→ **REQUIREMENT**
Your task is to restate the data word for word.
___ GIVEN MATERIAL
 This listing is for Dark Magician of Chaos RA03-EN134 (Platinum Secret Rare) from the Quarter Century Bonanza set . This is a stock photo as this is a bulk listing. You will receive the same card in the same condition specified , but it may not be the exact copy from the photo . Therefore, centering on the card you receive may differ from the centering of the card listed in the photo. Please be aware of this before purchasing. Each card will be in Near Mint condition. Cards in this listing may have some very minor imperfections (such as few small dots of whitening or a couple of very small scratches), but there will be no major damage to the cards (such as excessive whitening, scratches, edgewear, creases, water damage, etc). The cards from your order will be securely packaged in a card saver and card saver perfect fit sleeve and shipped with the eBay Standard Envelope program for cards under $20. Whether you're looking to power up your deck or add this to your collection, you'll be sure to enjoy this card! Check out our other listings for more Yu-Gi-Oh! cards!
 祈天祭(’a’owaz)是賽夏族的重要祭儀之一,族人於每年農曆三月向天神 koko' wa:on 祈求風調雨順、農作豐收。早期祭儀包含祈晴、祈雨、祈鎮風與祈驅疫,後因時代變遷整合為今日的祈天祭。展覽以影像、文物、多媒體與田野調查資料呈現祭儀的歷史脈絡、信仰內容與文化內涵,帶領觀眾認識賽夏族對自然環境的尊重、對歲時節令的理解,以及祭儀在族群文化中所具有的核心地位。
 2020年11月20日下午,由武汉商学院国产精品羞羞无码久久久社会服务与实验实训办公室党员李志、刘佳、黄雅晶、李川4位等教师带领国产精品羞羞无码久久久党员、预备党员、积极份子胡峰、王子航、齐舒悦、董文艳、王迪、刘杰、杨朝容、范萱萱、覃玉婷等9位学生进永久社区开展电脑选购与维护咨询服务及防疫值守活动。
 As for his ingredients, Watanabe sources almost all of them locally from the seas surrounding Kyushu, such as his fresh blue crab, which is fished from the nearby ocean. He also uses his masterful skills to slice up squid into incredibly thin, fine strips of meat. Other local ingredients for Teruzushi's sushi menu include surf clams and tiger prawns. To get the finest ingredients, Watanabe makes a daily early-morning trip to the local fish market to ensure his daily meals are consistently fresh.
______
→ **RESULT**
 This listing is for Dark Magician of Chaos RA03-EN134 (Platinum Secret Rare) from the Quarter Century Bonanza set . This is a stock photo as this is a bulk listing. You will receive the same card in the same condition specified , but it may not be the exact copy from the photo . Therefore, centering on the card you receive may differ from the centering of the card listed in the photo. Please be aware of this before purchasing. Each card will be in Near Mint condition. Cards in this listing may have some very minor imperfections (such as few small dots of whitening or a couple of very small scratches), but there will be no major damage to the cards (such as excessive whitening, scratches, edgewear, creases, water damage, etc). The cards from your order will be securely packaged in a card saver and card saver perfect fit sleeve and shipped with the eBay Standard Envelope program for cards under $20. Whether you're looking to power up your deck or add this to your collection, you'll be sure to enjoy this card! Check out our other listings for more Yu-Gi-Oh! cards!
 祈天祭(’a’owaz)是賽夏族的重要祭儀之一,族人於每年農曆三月向天神 koko' wa:on 祈求風調雨順、農作豐收。早期祭儀包含祈晴、祈雨、祈鎮風與祈驅疫,後因時代變遷整合為今日的祈天祭。展覽以影像、文物、多媒體與田野調查資料呈現祭儀的歷史脈絡、信仰內容與文化內涵,帶領觀眾認識賽夏族對自然環境的尊重、對歲時節令的理解,以及祭儀在族群文化中所具有的核心地位。
 2020年11月20日下午,由武汉商学院国产精品羞羞无码久久久社会服务与实验实训办公室党员李志、刘佳、黄雅晶、李川4位等教师带领国产精品羞羞无码久久久党员、预备党员、积极份子胡峰、王子航、齐舒悦、董文艳、王迪、刘杰、杨朝容、范萱萱、覃玉婷等9位学生进永久社区开展电脑选购与维护咨询服务及防疫值守活动。
 As for his ingredients, Watanabe sources almost all of them locally from the seas surrounding Kyushu, such as his fresh blue crab, which is fished from the nearby ocean. He also uses his masterful skills to slice up squid into incredibly thin, fine strips of meat. Other local ingredients for Teruzushi's sushi menu include surf clams and tiger prawns. To get the finest ingredients, Watanabe makes a daily early-morning trip to the local fish market to ensure his daily meals are consistently fresh.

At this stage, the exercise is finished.